In contrast, the High Seas Fleet's war record was nothing short of embarrassing. Guided by only a vague strategy of "whittling down" the British Navy in a series of minor battles before a final decisive engagement, the German Fleet gradually rusted away in port. The Kaiser allowed his ships to give battle as a combined force only once, resulting in the tactical draw of Jutland, but a strategic victory for England - the High Seas Fleet never challenged British seas supremacy again. The Germans were also incapable of preventing either Britain or the United States from landing huge armies on the continent, and these armies proved instrumental in defeating the Germans in France. The worldwide British Empire stood untouched while the German colonies were overrun, and only the Kaiser's U-boats posed any threat to England's commerce. In the end, the mighty German Fleet suffered the most ignominious fate that can befall any navy - widescale mutiny followed by a final scuttling of the entire fleet off the enemy's coast.
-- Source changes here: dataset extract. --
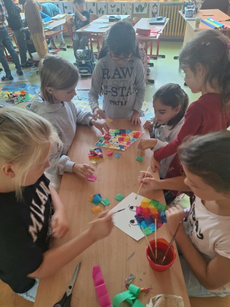 Jesenné slnečné popoludnie v ŠKD deti vyrábali pestrofarebných šarkanov s dlhými chvostami.Pri tvorení využili svoju kreativitu a fantáziu, a preto bol každý iný.Originálne šarkany nám skrášľujú chodby našej školy a pripomínajú zážitky z tvorenia. ZŠ

Given Britain's natural refusal to allow any foreign power to challenge her on the oceans, it was inevitable that Germany's naval program was doomed to failure. Britain's goal was simply to maintain the status quo, utilizing her excellent geographical position to seal off Germany from the rest of the world. Germany, however, had to achieve a superiority in capital ships, for she had to attack the British Fleet and destroy it in order to keep her overseas trade routes open. With Britain avowed to keep her naval position out of jeopardy, the German fleet was destined to be numerically interior, hence militarily impotent.
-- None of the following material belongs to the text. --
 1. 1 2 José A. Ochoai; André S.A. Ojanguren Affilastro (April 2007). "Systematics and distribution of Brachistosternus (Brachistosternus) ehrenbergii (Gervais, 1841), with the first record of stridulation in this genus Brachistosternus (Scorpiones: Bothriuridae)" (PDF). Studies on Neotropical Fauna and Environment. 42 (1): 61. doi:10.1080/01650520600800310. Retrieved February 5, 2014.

Nor could the diplomatic fruit borne by the German fleet be anything but poisonous. The limited operational radius of the Kaiser's fleet, and its lack of worldwide ports and coaling stations condemned the German Navy to steam forever only in the limited waters of the North Sea. The High Seas Fleet could never defend Germany's colonies, or even expand the existing empire; during the entire 20th Century prior to World War I, Germany's only overseas gains were minor acquisitions in the French Congo.

Ineffective in peacetime, impotent in wartime, and immobile all the time, the German High Seas Fleet was totally incapable of fulfilling any of the goals it was ostensibly created for. If Germany's worry was the safety of her colonies and her international trade, the solution was cooperation, not competition, with England. The construction of a German battle fleet made this impossible, resulting only in Britain's alliance with the Entente and Germany's disastrous defeat in World War I. The High Seas Fleet was an enormous expenditure effort and resources, nothing more; to the Kaiser it was a shining embodiment of Germany's new world power and international prestige that directly resulted in his eventual abdication of the throne, and the destruction of the Second Reich.

FOOTNOTES

    [1]Warships and Sea Battles of World War I. Fitzsimons, Bernard (Ed) New York: Beckman House, 1973, p. 12.
    [2]>I>England and Germany, 1740-1914. Schmitt, Bernadotte E., New York: Howard Fertig Inc., 1967, p. 176.
    [3]Asquith, Herbert Henry. The Genesis of the War. New York: George H. Doran Company, 1923, p. 115.
    [4]Asquith, pp. 126-127.
    [5]Schmitt, pp. 216-217.
    [6]Churchill, Winston S. The World Crisis. New York: Charles Scribner and Sons, 1923, p. 103.
    [7]Churchill, p. 118.

BIBLIOGRAPHY

    Churchill, Winston S. The World Crisis (New York: Charles Scribner and Sons, 1923).
    Schmitt, Bernadotte E. England and Germany 1740-1914 (New York: Howard Fertig Inc., 1967).
    Asquith, Henry Herbert. The Genesis of the War (New York: George H. Doran Company, 1923).
    Fischer, Fritz. Germany's Aims in the First World War (New York: W. W. Norton and Company, 1961.)
    Hale, Oron J. The Great Illusion 1900-1914 (New York: Harper and Row, 1971).
    Fitzsimons, Bernard (Ed.) Warships and Sea Battles of World War I (New York: Beckman House, 1973).
    Shermer, David. World War I (New York: Derby Books, 1973).